Another method that many employ is that of applying fertilizer after the ground has frozen so that it will be available when the snow melts the following spring.  This practice has several potential pitfalls as well.  If the fertilizer is not soluble and stays on the surface, the material could move with surface water run-off.  Mother Nature has a nasty way of showing us that she is in charge, such as a winter of heavy, accumulating snow followed by fast and furious melts that can leave much of our turf under flowing water.  Another major drawback to applying nutrients when the turf is no longer able to take them up is the lag time for them to become available the next spring.  

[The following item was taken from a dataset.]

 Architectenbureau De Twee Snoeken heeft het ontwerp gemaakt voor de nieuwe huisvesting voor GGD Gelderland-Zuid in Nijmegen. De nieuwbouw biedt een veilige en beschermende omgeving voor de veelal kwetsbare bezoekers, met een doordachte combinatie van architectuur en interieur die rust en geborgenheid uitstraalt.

Classic charts on root and shoot growth show that cool season grasses are putting a great deal of energy into increasing their carbohydrate reserves (roots and lateral shoots) in the shoulder seasons, more so in the fall.  When large amounts of available nitrogen are applied to the turf coming out of winter to produce brilliant color, it does so with several costs.  Top growth kicks into high gear resulting in more mowing in mid-to-late spring when the grass plants are already growing well due to warmer soils. This induced growth surge also taps into the carbohydrate reserves in the roots and lateral shoots that the plant worked so hard to stock up over the past several months.  Do not assume from this last part that nitrogen fertility in the spring is a bad idea; it just has to be planned well and timed according to how the grass is reacting to the weather.


Typical fairway fertility programs in the turf industry tend to see turf managers begin to dial back or reduce the nitrogen applications and begin to shift their focus over to a more potassium based program in order to help the plant better prepare itself for the stresses of winter.  In some of the warmer Ontario (Windsor and Niagara) areas we have seen over the years a benefit to the addition of a nitrogen based fall fertilizer program. This type of program is not the same as a dormant nitrogen application, rather these types of applications are used for immediate aesthetic and agronomic benefits, as well as continuing to see the benefits come early to mid spring.

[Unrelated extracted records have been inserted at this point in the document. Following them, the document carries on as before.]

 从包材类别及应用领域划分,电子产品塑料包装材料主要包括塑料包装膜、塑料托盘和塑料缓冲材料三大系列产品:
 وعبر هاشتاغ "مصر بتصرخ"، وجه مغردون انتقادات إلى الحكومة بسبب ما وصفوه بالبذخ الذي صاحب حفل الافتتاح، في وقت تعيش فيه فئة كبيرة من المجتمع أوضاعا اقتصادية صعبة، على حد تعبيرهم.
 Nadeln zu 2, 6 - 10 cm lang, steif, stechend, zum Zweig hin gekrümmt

These late season nitrogen based applications can also benefit the turf in the spring by reducing the need for an early spring fertilizer application when turf will tend to grow rapidly and healthy on its own. This period of the year the plants will use the reserves stored from the fall to help begin the spring growth cycle.  

Research has also shown that there is no significant reduction in root growth from late season nitrogen applications (a lower amount of carbohydrates could result but not in a significant amount).